Earlier this week, Vilnius, capital of Lithuania, announced that the city is set to become “
one giant outdoor cafe.” The municipality plans to take their restaurants into the city’s public squares, plazas, and streets, creating a sprawling space dedicated to cuisine.
“Nearby cafés will be able to set up outdoor tables free of charge this season and thus conduct their activities during quarantine. Just open up, work, retain jobs, and keep Vilnius alive,” the city’s Mayor, Remigijus Šimašius, declared, following the government’s announcement about easing quarantine restrictions.
“Of course, the top priority remains safety for all.”

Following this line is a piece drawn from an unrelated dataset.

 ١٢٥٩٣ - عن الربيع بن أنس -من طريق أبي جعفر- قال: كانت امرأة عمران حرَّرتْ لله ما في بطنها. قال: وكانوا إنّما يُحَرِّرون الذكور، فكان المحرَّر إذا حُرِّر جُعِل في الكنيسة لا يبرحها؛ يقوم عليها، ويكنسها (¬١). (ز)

Considering wide-open squares and outdoor plazas aren’t aplenty in downtown Toronto, implementing an initiative like this one on home soil would look different. But that doesn’t mean it couldn’t be done.
In fact, there are several convincing arguments for why it’s necessary.
“Losing our main street and neighbourhood cafes, and locally-accessed restaurants, entrepreneurs, and communities is an incredible cost to our neighbourhoods and societies at large,” says Jennifer Keesmaat, CEO of The Keesmaat Group, and former chief city planner for Toronto.
“Using public space in a fundamentally different way is what’s so profound about what [Vilnius] is proposing.”